Namun Myanmar dan Bangladesh bersikukuh pada rencana pemulangan pengungsi Rohingya. Mahbub Alam Talukder, Komisaris urusan Pengungsi dan Repatriasi di pemerintahan di Dhaka mengatakan, bahwa "repatriasi tetap mendapat prioritas utama." Semua kebijakan akan diarahkan pada pemulangan "warga negara Myanmar."
Pemerintah Bangladesh yang sempat membuka pintu bagi pengungsi Rohingya kerepotan menyediakan lapangan kerja atau akomodasi yang layak bagi para pendatang baru. Situasi ini dipersulit oleh wabah corona yang melumpuhkan industri tekstil lokal.
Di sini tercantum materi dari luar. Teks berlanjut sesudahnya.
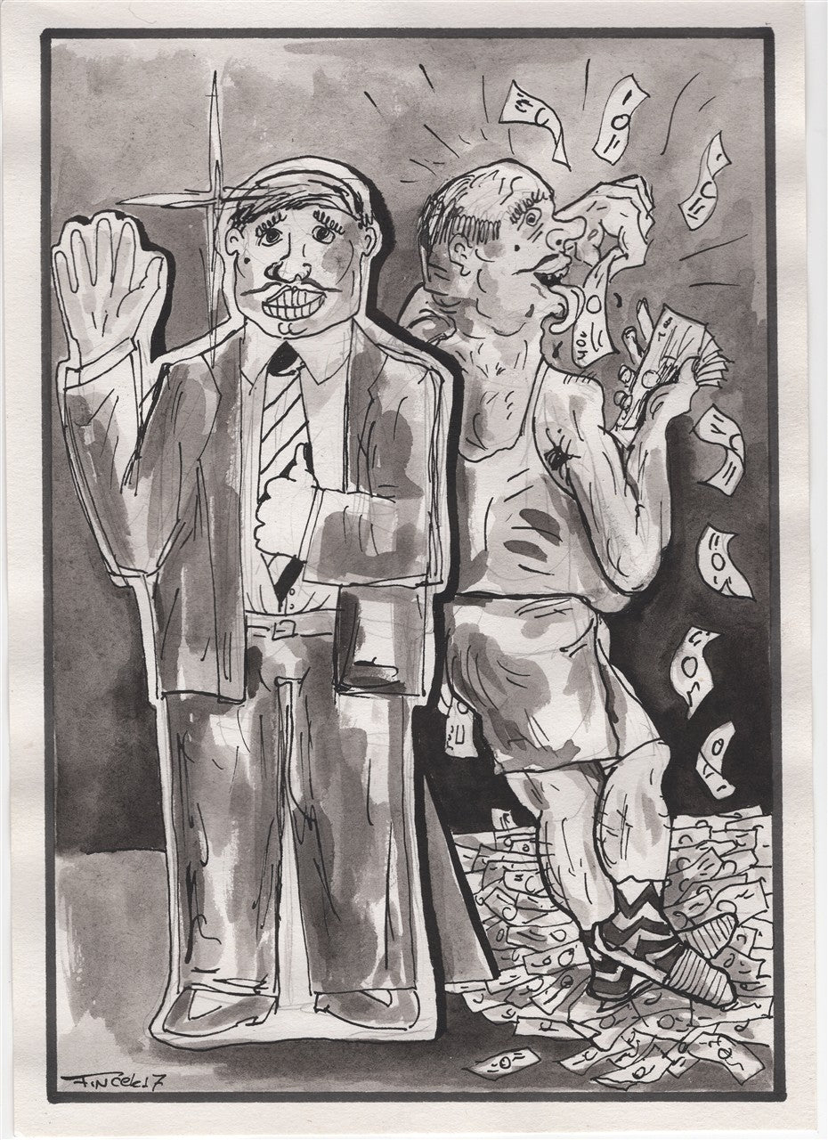 An original satirical drawing available as a one-of-a-kind original or as a high-quality fine art print.
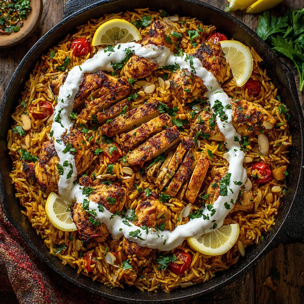 - Garnish and serve. Ladle generous portions of the Chicken Shawarma Rice onto plates. Garnish with a sprinkle of fresh chopped parsley, a scattering of toasted sliced almonds or pine nuts, and a drizzle of cool yogurt sauce or creamy tahini. Serve immediately with fresh lemon wedges on the side for an extra burst of zest.

Sebabnya sebanyak 700.000 pengungsi itu lebih dilihat sebagai beban.
"Bangladesh sudah mengisyaratkan rasa frustasi dan tingkat kesabaran yang kian menipis," kata Wade kepada DW. Di kamp pengungsi di Cox's Bazar, warga tidak diizinkan membangun rumah permanen atau bergerak secara bebas. Kamp itu juga tidak memiliki sekolah untuk anak-anak.
"Semua kebijakan ini dibuat untuk memaksa warga Rohingya agar kembali ke Myanmar," imbuhnya.
Masalah kewarganegaraan
Soe Aung, Kepala Administrasi di Maungdaw yang terletak di dekat perbatasan Bangladesh, memastikan kepada DW bahwa pihaknya sedang mempersiapkan kepulangan pengungsi. Sejauh ini sudah lebih dari 10.000 penduduk Rakhine yang berhasil diidentifikasi oleh pemerintah Bangladesh.
Namun begitu, Myanmar bersikeras memeriksa status kewarganegaraan pengungsi sebelum dibiarkan masuk. Sejak lama pemerintah di Naypyidaw beranggapan, etnis Rohingya merupakan pendatang ilegal dari Bangladesh dan bukan warga negara Myanmar.
Pemeriksaan status kewarganegaraan pengungsi Rohingya oleh Myanmar dianggap bermasalah. Pasalnya hak kewarganegaraan di Myanmar mempersulit pengakuan terhadap warga etnis minoritas yang hidup di kawasan perbatasan.
Selain itu, warga Rohingya yang diakui dan diizinkan pulang ke Myanmar, juga terancam oleh gerilayawan ARSA. Soe Aung mengabarkan "para pengungsi ditekan oleh ARSA agar tidak pulang ke Myanmar."
Hal ini dibenarkan oleh Sometaya Ryuta, wartawan harian Jepang, Asahi Shimbun, yang melaporkan langsung dari kamp pengungsi. "Kepulangan Rohingya, terutama melalui jalur resmi, bergantung pada penerimaan terhadap kebijakan pemerintah Myanmar, yang bisa memperlemah pengaruh ARSA dalam perang melawan pemerintah.